Privacy & Information Security Law Blog

On January 30, 2020, the Centre for Information Policy Leadership (“CIPL”) at Hunton Andrews Kurth LLP submitted formal comments to the Department of Telecommunications at the Brazilian Ministry of Science, Technology, Innovations and Communications (“MCTIC”) on its public consultation on creating a national Artificial Intelligence (“AI”) strategy for Brazil (the “Consultation”).

CIPL welcomes MCTIC’s recognition of the dual objective of an effective AI strategy to not only address the risks and challenges presented by AI technologies but also to enable innovation and beneficial use of data through AI technology. CIPL believes that in order for Brazil to create a robust national AI strategy, it must prioritize privacy and data protection issues in the AI context.

CIPL’s comments focused on three of the eight specific thematic axes that were the subject of consultation—namely: (1) legislation, regulation and ethical use; (2) AI governance; and (3) international aspects.

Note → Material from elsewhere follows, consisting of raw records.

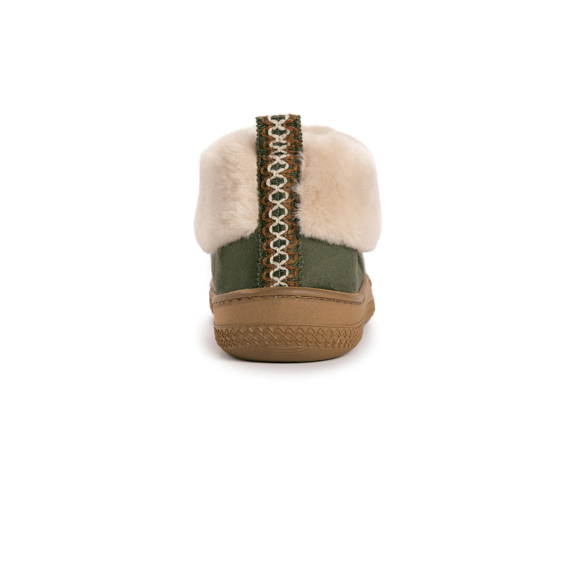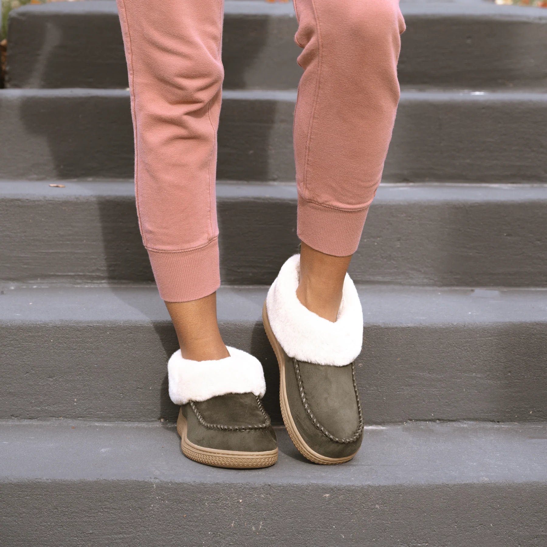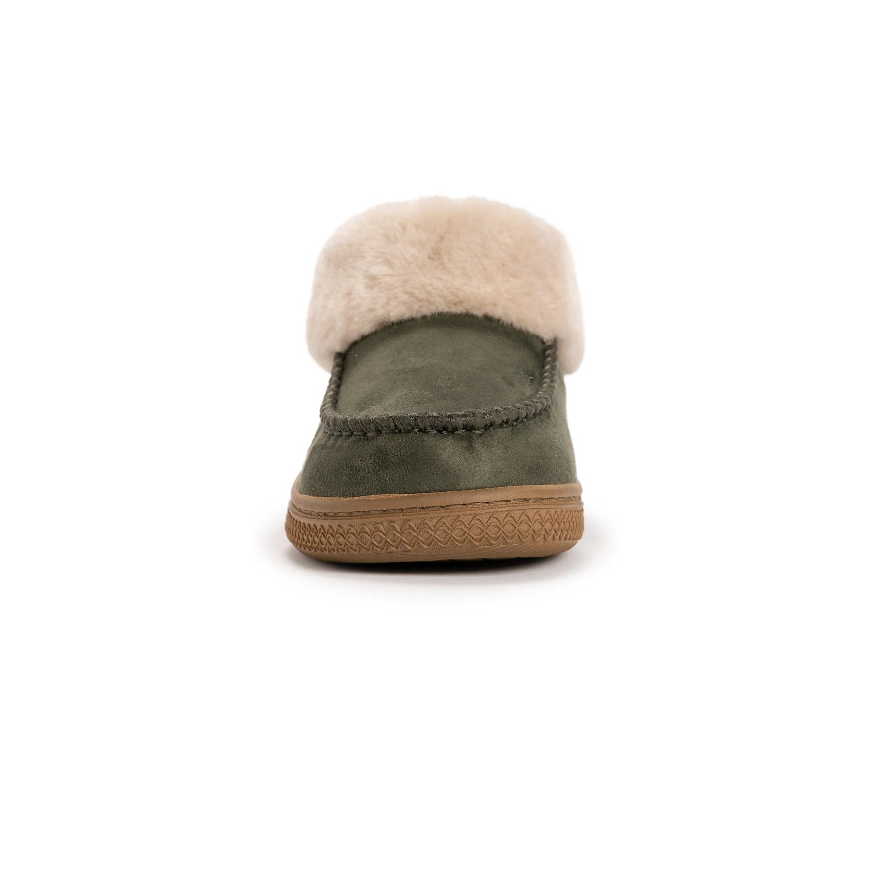 Experience comfort and Style in MUK LUKS Women's Salah Slipper, featuring a durable indoor/outdoor sole, non-slip thread bottom, and a cozy faux fur cuff.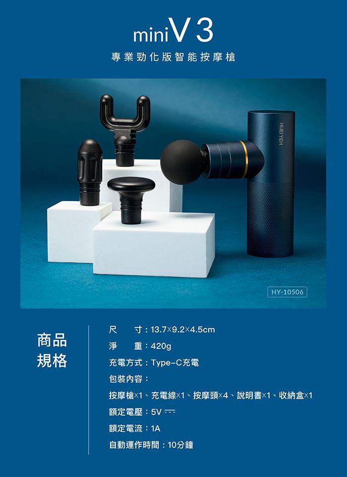 | 【商品名稱或型號】 | 【輝葉】miniV 3專業勁化版智能按摩槍(HY-10506) |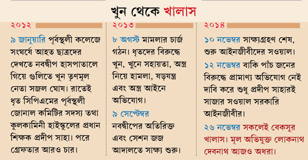 পূর্বস্থলীর তৃণমূল নেতা সজল ঘোষ খুনের মামলায় একটি হাইস্কুলের প্রধান শিক্ষক তথা সিপিএম নেতা প্রদীপ সাহাকে বেকসুর খালাস করল নবদ্বীপ আদালত। তাঁর সঙ্গেই মুক্তি পেলেন আরও চার সিপিএম কর্মী। ফলে, ওই খুনে আসলে কারা জড়িত তার মীমাংসা যেমন হল না, পুলিশের ভূমিকা নিয়েও ফের প্রশ্ন উঠে গেল।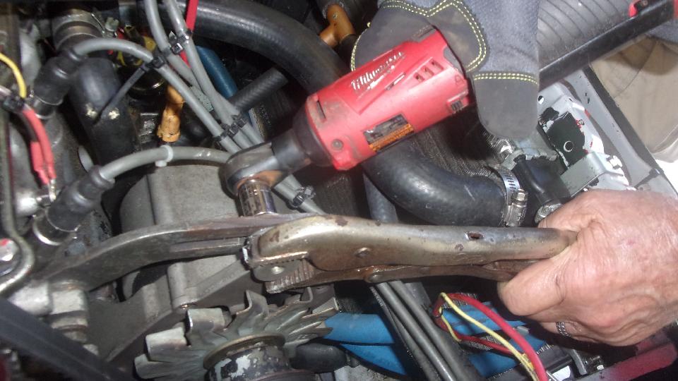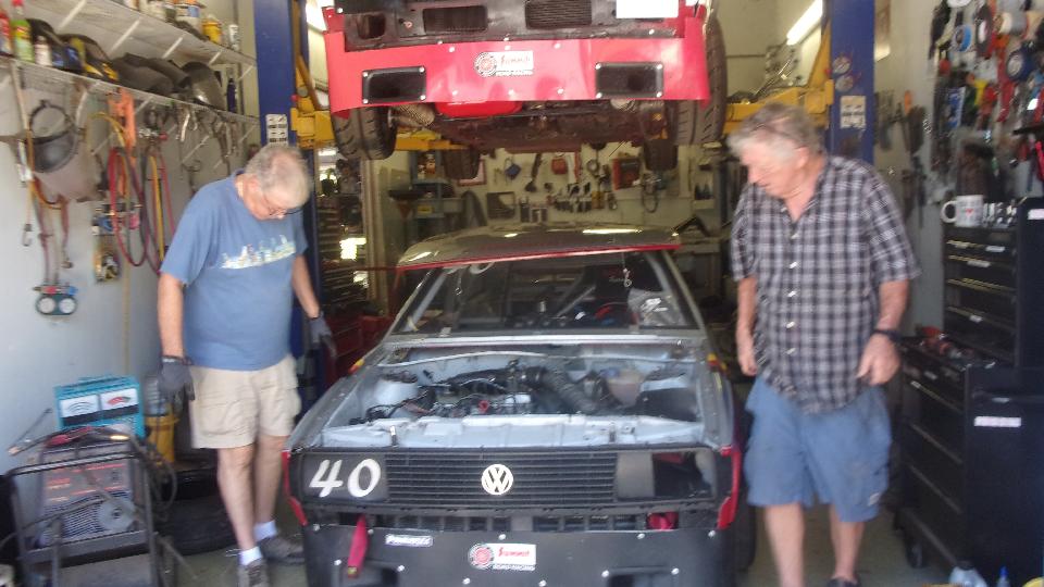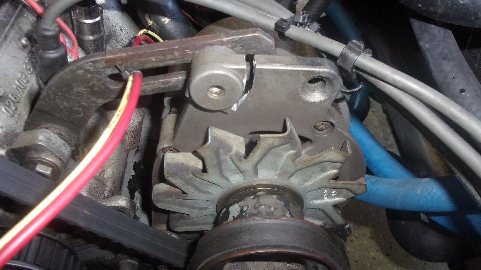 Get the Rabbit up high, and the Scirocco underneath in the shade. Needing to replace the alternator that lasted five hours in service before it broke the adjuster mounting ear.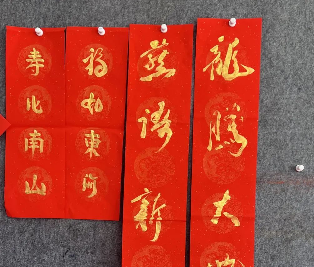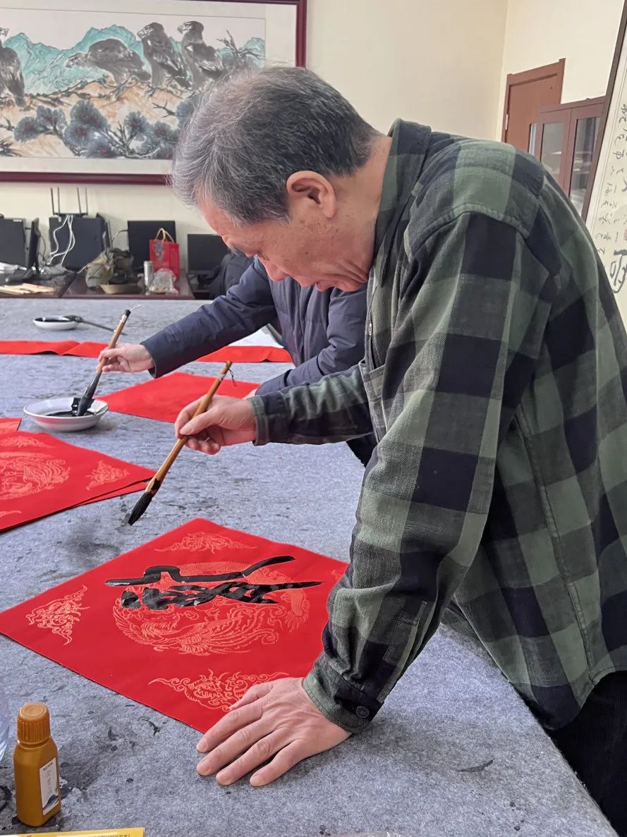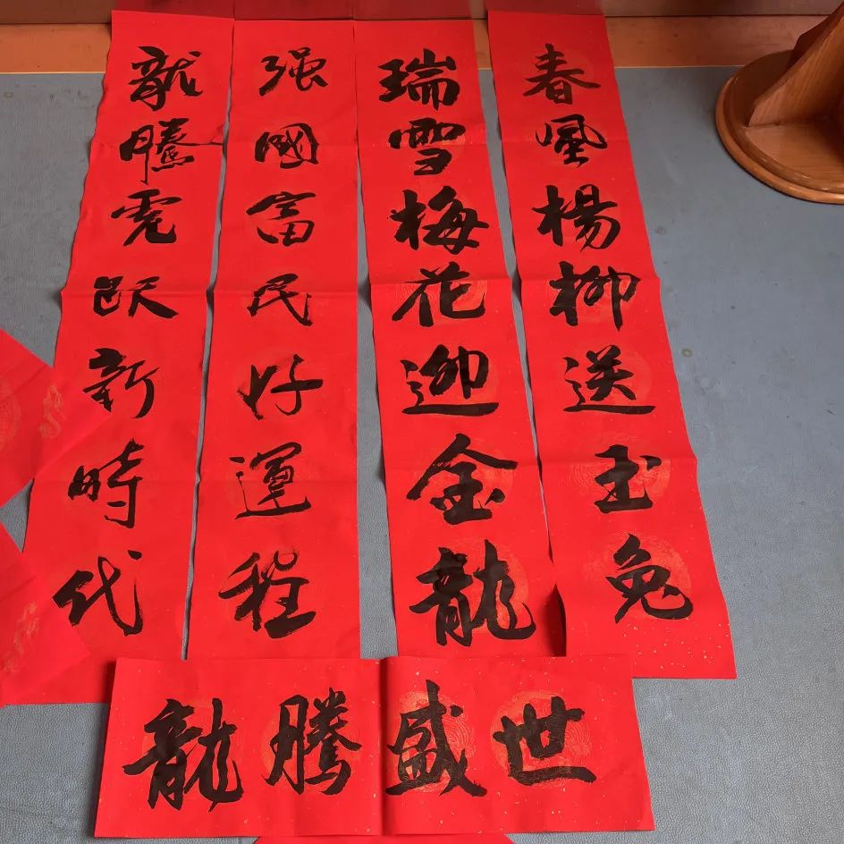 活动于上午九点正式开始,小区内众多书法爱好者纷纷来到活动现场,大家铺开红纸,饱蘸浓墨,笔走龙蛇,将新春的祝福化作一幅幅寓意吉祥的春联和福字,“五福常临积善家,吉星永照平安宅”“春风杨柳送玉兔,瑞雪梅花迎金龙”……一幅幅承载着美好祝愿的春联和福字在业主们的笔下一气呵成,现场的氛围愈发喜庆。

In its comments, CIPL put forward several recommendations for MCTIC to consider with respect to a national AI strategy for Brazil, including:

• Acknowledging potential problems of algorithmic bias and discrimination in decisions made by autonomous systems and calling on organizations to continue working on solutions to address these concerns;
• Highlighting the importance of human intervention in AI contexts where the outcome of an automated decision implies a high risk of harm for the individual that is subject to it, while also acknowledging that organizations are best placed, and should have the flexibility, to define any methodologies and elements of review based on identified risks;
• Detailing various ways that explainability can be implemented in AI systems and encouraging organizations to develop further ways to facilitate transparency as it relates to AI outcomes;
• Calling for a layered approach to AI regulation should Brazil ultimately choose to regulate AI technology—this would involve looking at the rules contained within the Brazilian LGPD and its intersection with AI technology, leveraging and incentivizing accountable AI practices of organizations, and fostering innovative approaches to regulatory oversight;
• Emphasizing the importance of organizational accountability in achieving AI governance;
• Calling for the creation of an AI regulatory sandbox by the Brazilian Data Protection Authority (the “ANPD”); and
• Calling for collaboration with many different international partners in developing the responsible use and deployment of AI, including through international fora (e.g., the Organization for Economic Co-operation and Development), and regional groups (e.g., the European Commission High Level Expert Group on AI or the Council of Europe Ad Hoc Committee on AI), research institutions, universities and multinational corporations.